The quality comedy at SXSW 2012 is worth making extra time for
Reviewed by Dan Solomon, Fri., March 16, 2012
People don't typically come to Austin in March just for the comedy at South by Southwest – but given the high-quality, freewheeling nature of the 2012 class of performers, you could do worse if you're looking to start. If you weren't prepared this weekend for the fact that virtually every act booked is a major draw, then you probably had to duck and weave, fitting showcases, live podcast recordings, and stand-up showcases into your slate of Interactive panels and Film screenings. (Now that you know, try to make some extra time in your schedule.)
That's how things went for me – I managed to squeeze in Kelly Carlin's one-woman show, A Carlin Home Companion, on Saturday afternoon. The setup wasn't ideal – the show is a tale fraught with drug abuse, betrayals, and loss (along with a good number of laughs), and a ballroom in the Austin Convention Center, where badge-holders listened with one ear while they checked email on their phones, isn't exactly prime.

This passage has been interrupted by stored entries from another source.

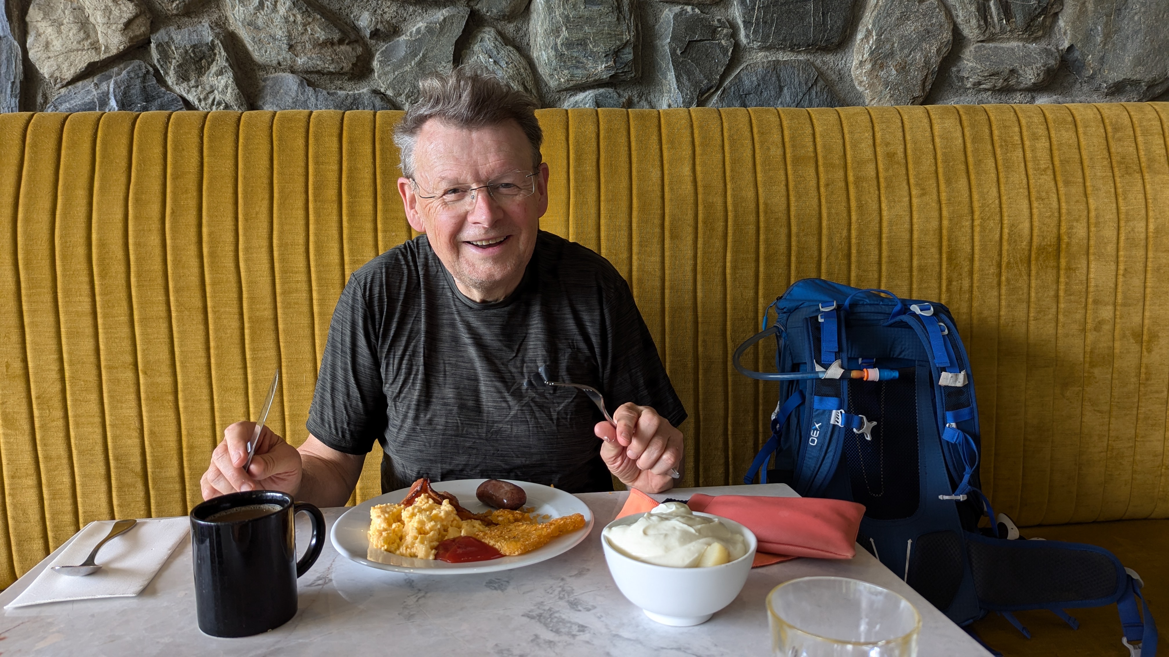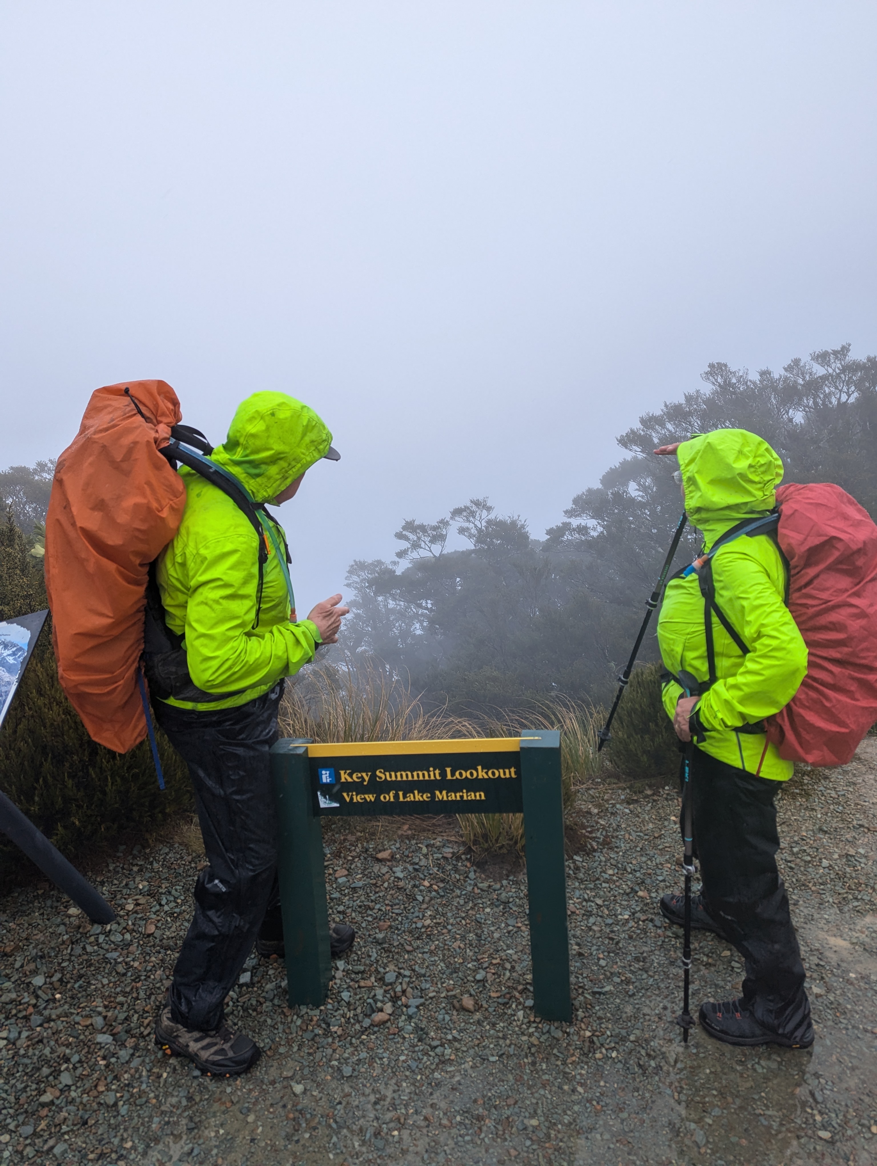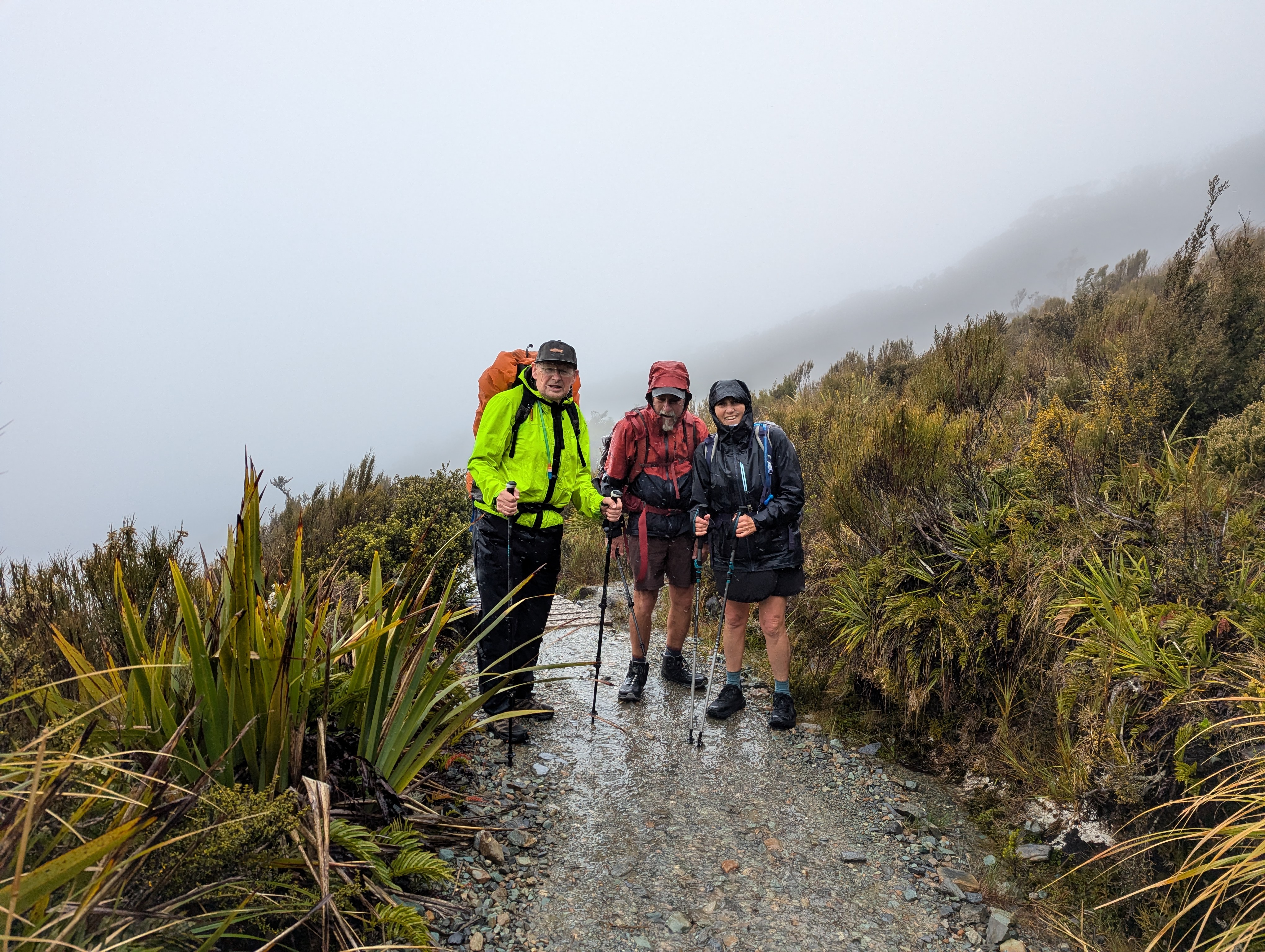 We carried on walking up and got to a “viewpoint” but, of course, there was no view – just clouds and rain. We still felt a small measure of elation at reaching the top of our final walk of this trip with all our group.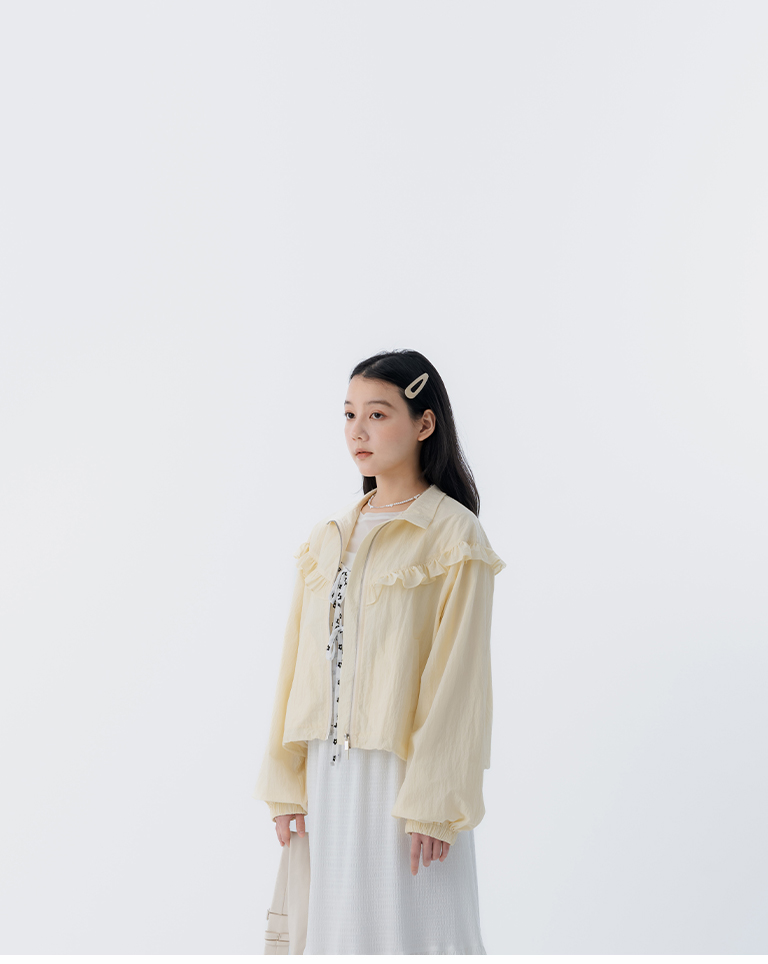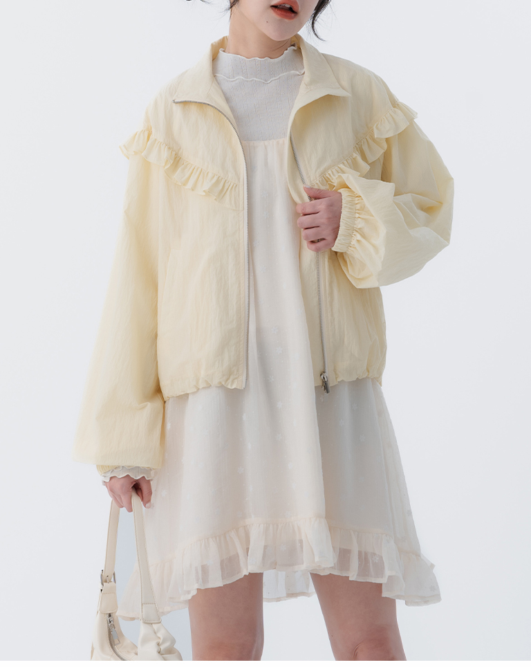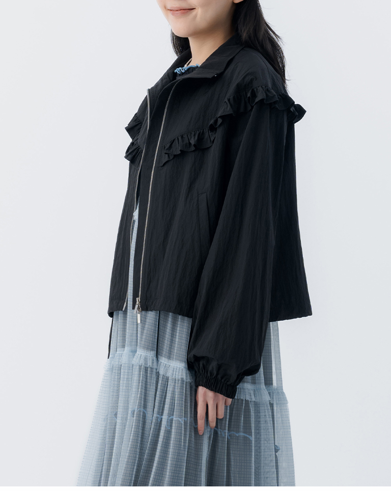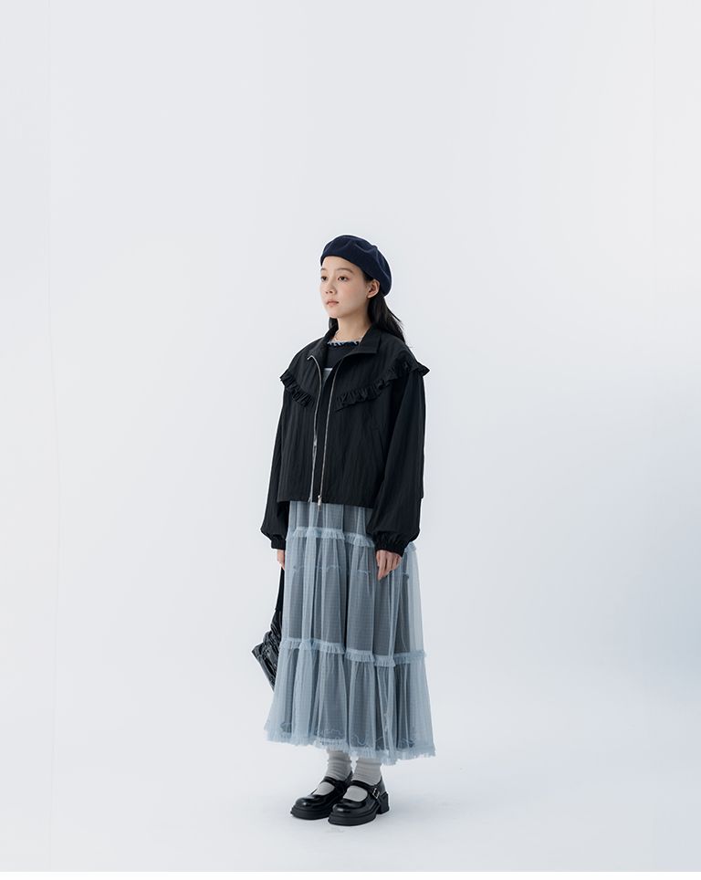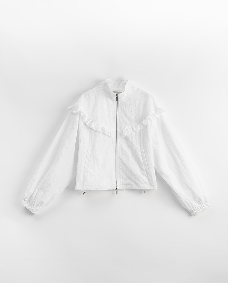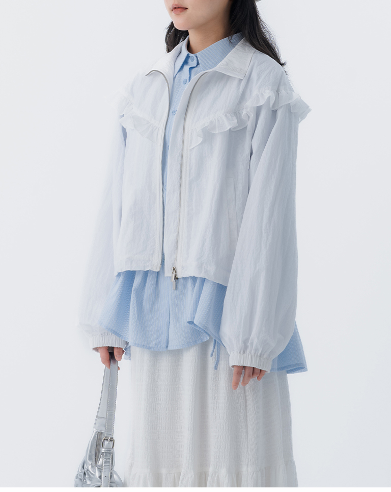 S~L身形實測!分尺寸皺皺木耳邊透膚高領長袖上衣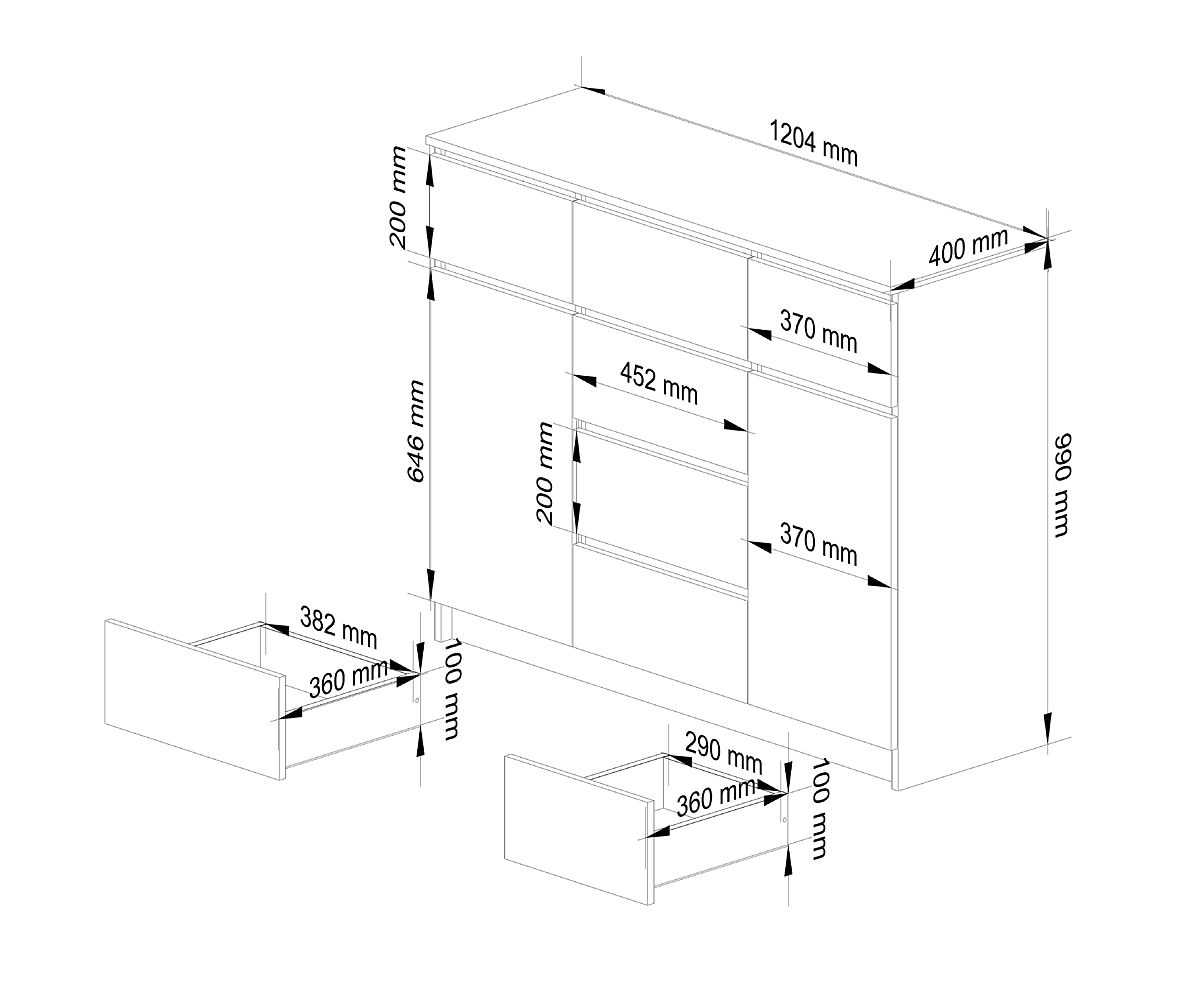 - Komoda vyrobena z vysoce kvalitní laminované desky 16 mm odolné proti oděru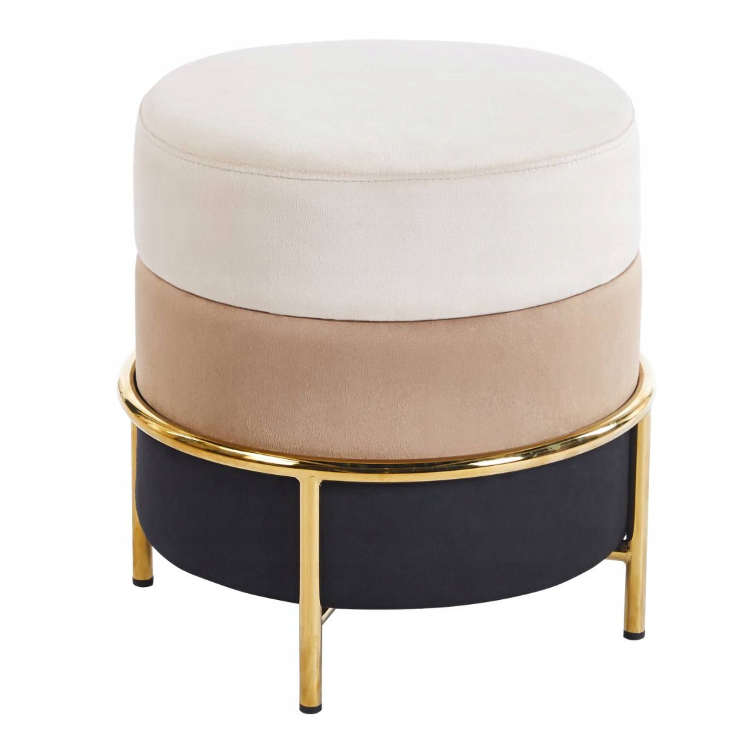Pufa Welurowa BEŻ CAPPUCINO ZŁOTY STELAŻ Stabilna Podnóżek Furnitex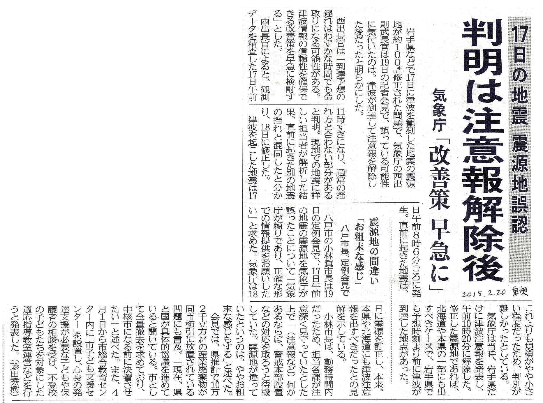 | [2015_02_20_01]17日の地震 震源地誤認 判明は注意報解除後 気象庁「改善策 早急に」 震源地の間違い 「お粗末な感じ」 八戸市長、定例会見で(東奥日報2015年2月20日) |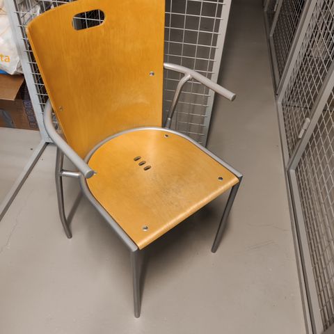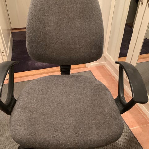 Annetaan musta työtuoli. Hyväkuntoinen, jämäkkä ja ehjä, mutta pinnassa jonkin verran pistejälkiä. Istumakorkeus säädettävissä 45cm-56cm välillä.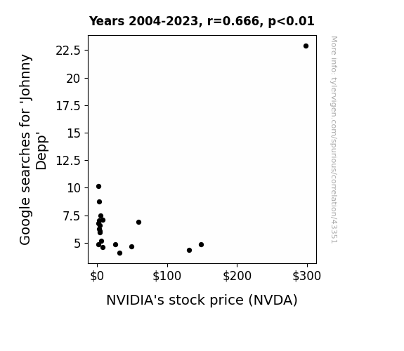 This means 44.4% of the change in the one variable (i.e., NVIDIA's stock price (NVDA)) is predictable based on the change in the other (i.e., Google searches for 'Johnny Depp') over the 20 years from 2004 through 2023.

Not that the conditions mattered much to Carlin, who clearly picked up some of the performance chops that come with the family name.
Her monologue tells her full life story, but she's a sensitive and attentive enough storyteller that she knows that if she titles a show A Carlin Home Companion, then it's George Carlin that an audience is going to want to hear about. There's something remarkable about a performer who's so willing to cast herself as a side character in her own experiences if it serves the narrative, and her show is about growing up the daughter of a hero of the counterculture. While Kelly Carlin obviously shares her father's love of wordplay and imagery (on Milwaukee's SummerFest, where her father was arrested in 1972: "It was an ocean of beer surrounding an island of sausage,"), she may exceed him when it comes to grace and generosity as a storyteller.
Grace and generosity aren't among comedian Marc Maron's top attributes but give him insight, honesty, and curiosity, which made his Sunday taping of the beloved WTF podcast a unique live experience. On the podcast, Maron typically conducts an in-depth, one-on-one interview with a comic or comedic actor from his garage – for this edition, he spoke with Larry Sanders and Arrested Development alum Jeffrey Tambor at Esther's Follies. Initially, the things that make Maron's podcast such a gem – the fact that he tries on every recording to make a sincere connection with the person he's talking to and the open curiosity that makes him a fearless interviewer – were muddled in front of a live audience. Maron and Tambor are both performers, and the laughs from a packed room are awfully addictive.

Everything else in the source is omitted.